Questa collocazione lascia, infatti, intendere che vi è un parallelismo tra la prima venuta del Signore e quella finale del suo ritorno.
In entrambi i casi, siamo di fronte all’irruzione di Dio nella storia e fare memoria della nascita di Gesù, può abilitarci a vivere pienamente anche il tempo che ci separa dal nuovo incontro con Lui che ci aspetta.
Un primo aspetto da mettere in luce è che di questo sopraggiungere di Dio non bisogna avere paura: «Quando cominceranno ad accadere queste cose, risollevatevi e alzate il capo, perché la vostra liberazione è vicina».
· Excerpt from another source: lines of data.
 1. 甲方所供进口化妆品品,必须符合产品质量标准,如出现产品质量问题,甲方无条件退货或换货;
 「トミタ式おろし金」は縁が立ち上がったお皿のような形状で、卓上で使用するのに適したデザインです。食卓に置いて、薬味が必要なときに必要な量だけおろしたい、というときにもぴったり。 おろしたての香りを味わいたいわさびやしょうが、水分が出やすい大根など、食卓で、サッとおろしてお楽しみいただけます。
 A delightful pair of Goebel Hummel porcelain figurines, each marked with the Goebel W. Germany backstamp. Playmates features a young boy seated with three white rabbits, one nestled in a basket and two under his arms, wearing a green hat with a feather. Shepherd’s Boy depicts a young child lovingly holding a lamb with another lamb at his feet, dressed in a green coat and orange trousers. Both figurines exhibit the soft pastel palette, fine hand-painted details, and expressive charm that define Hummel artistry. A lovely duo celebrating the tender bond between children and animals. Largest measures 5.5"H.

L’arrivare di Dio implica qualcosa di buono, di bello, di liberante.
Queste parole assomigliano molto a quelle che Gesù pronuncia all’inizio del suo ministero, nella sinagoga di Nazaret, citando il profeta Isaia («Lo Spirito del Signore è sopra di me; per questo mi ha consacrato con l’unzione e mi ha mandato a portare ai poveri il lieto annuncio, a proclamare ai prigionieri la liberazione e ai ciechi la vista; a rimettere in libertà gli oppressi, a proclamare l’anno di grazia del Signore», Lc 4,18) e anche a quelle che l’angelo rivolge a Maria: «Non temere, Maria, perché hai trovato grazia presso Dio. Ed ecco, concepirai un figlio, lo darai alla luce e lo chiamerai Gesù [= Dio salva]» (Lc 1,30-31).
Sembrano considerazioni scontate e, tuttavia, io ritengo sia sempre utile ribadire che l’incontro dell’umano col divino, nella prospettiva cristiana, è qualcosa da desiderare, non da temere.
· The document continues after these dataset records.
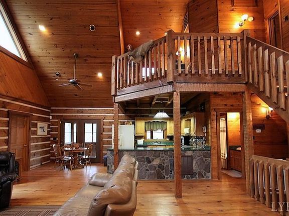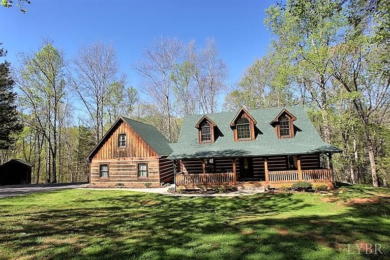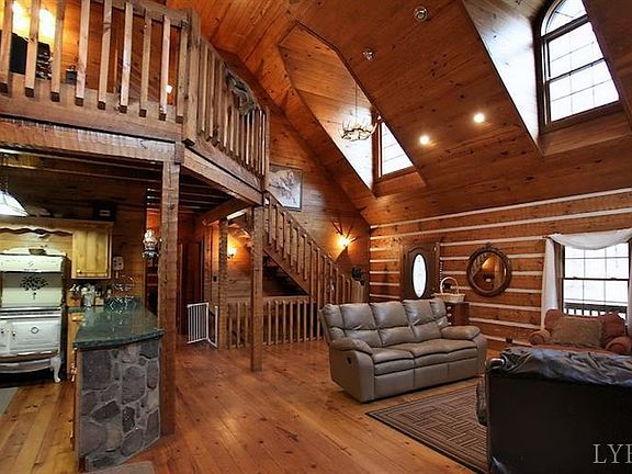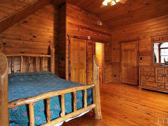 The Bargain of Goode! Price Reduced on this custom built solid wood 6 x 12 Log on Log Home! Tongue & groove 1x6 pine floors. Cathedral ceilings, 3 fireplaces, 3 heat pumps, 2 car garage with 22x14 office & separate entrance above garage. Two main level bedrooms, upstairs loft & master suite with double vanities, walk-in closet, fireplace & Wood bed frame conveys. 40 x 8 Screened porch, 40 x 8 Front Porch, Lower level den with fireplace, office and another bedroom. Detached Storage. New Heat Pump installed on upper level in June. Property adjoins creek & lake. Awesome Home.
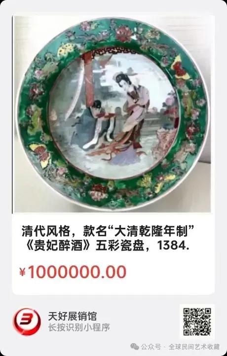 清代风格,款名“大清乾隆年制” 《贵妃醉酒》五彩瓷盘,(高25m /m,直径270m /m,底径165m /m)。在此景秀绵绵的百花丛中,再巧妙的配以“双(麒)麟护宝”、“龙凤献桃”、“瓜瓞(蝶)绵绵”,更呈递着大唐国富民强的太平盛世。 来源1384.V。
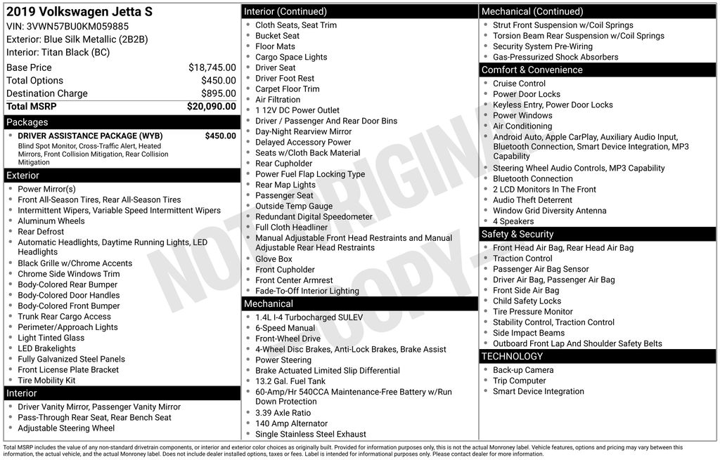 Blue Silk Metallic 2019 Volkswagen Jetta 1.4T S FWD 6-Speed Manual 1.4L TSI Titan Black w/Cloth Seat Trim.

Una seconda annotazione a mio giudizio degna di nota è quella che mostra la decisività di questo/i momento/i: la relazione col Signore che si fa prossimo è qualcosa di così prezioso che non può disperdersi a causa dei nostri stordimenti («State attenti a voi stessi, che i vostri cuori non si appesantiscano in dissipazioni, ubriachezze e affanni della vita e che quel giorno non vi piombi addosso all’improvviso»).
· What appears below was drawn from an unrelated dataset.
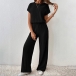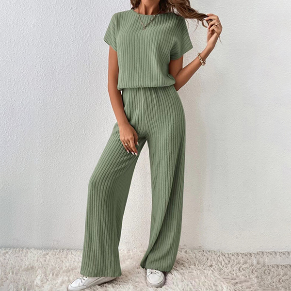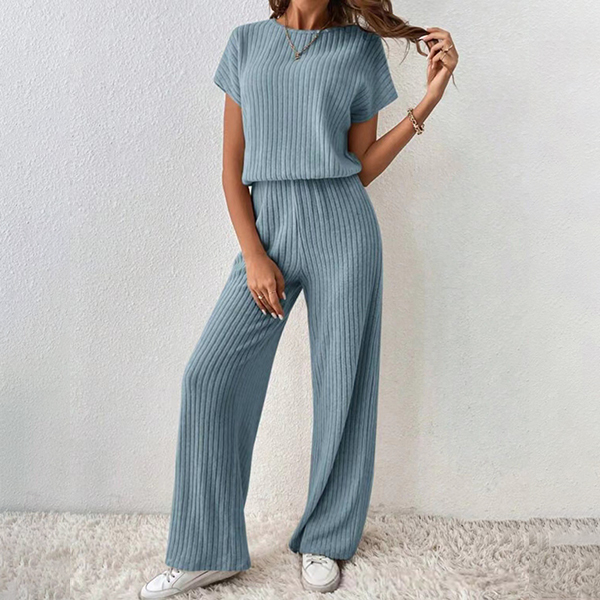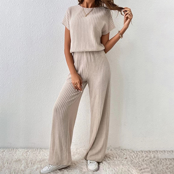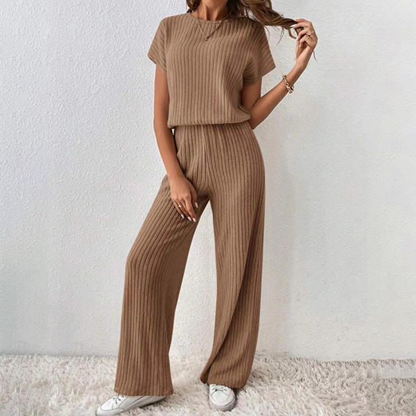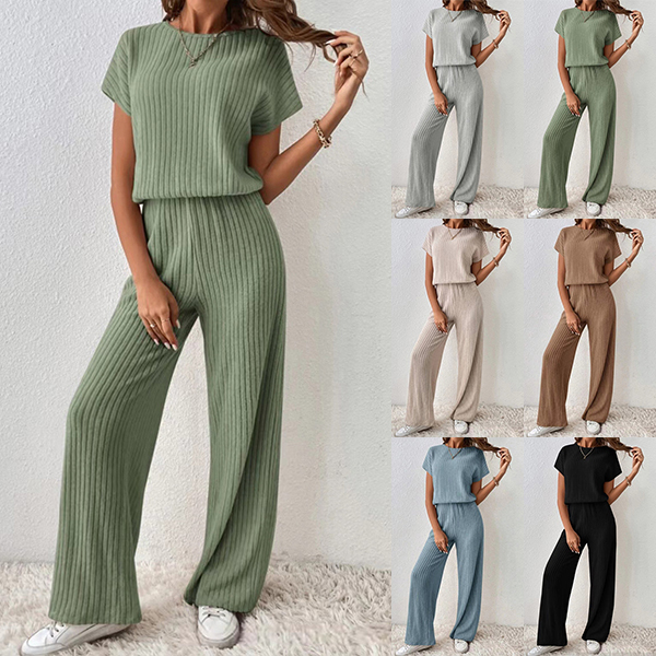 This Two-piece Set consists of a round neck shirt and straight-cut pants. The ribbed fabric is often chosen for its stretch, softness, and breathability. It allows for easy movement while providing a flattering and comfortable fit.

Come per tutti i rapporti costitutivi della nostra esistenza, vi è un’attesa, una preparazione, una trepidazione… così dev’essere anche con Dio, se effettivamente è uno dei rapporti costitutivi della nostra esistenza.
Ecco perché è necessario vegliare e pregare, cioè mantenersi “in contatto” con Lui, “in tensione” verso di Lui.
Il nuovo anno, il nuovo avvento che comincia possono allora essere l’occasione per rimettere a fuoco la nostra relazione col Signore, in vista dell’incontro con Lui che ci attende: l’attesa di Natale, cioè del momento in cui faremo memoria della sua prima venuta, può essere propizia per abilitarci a vivere un’intera esistenza tesa verso il suo sopraggiungere liberante.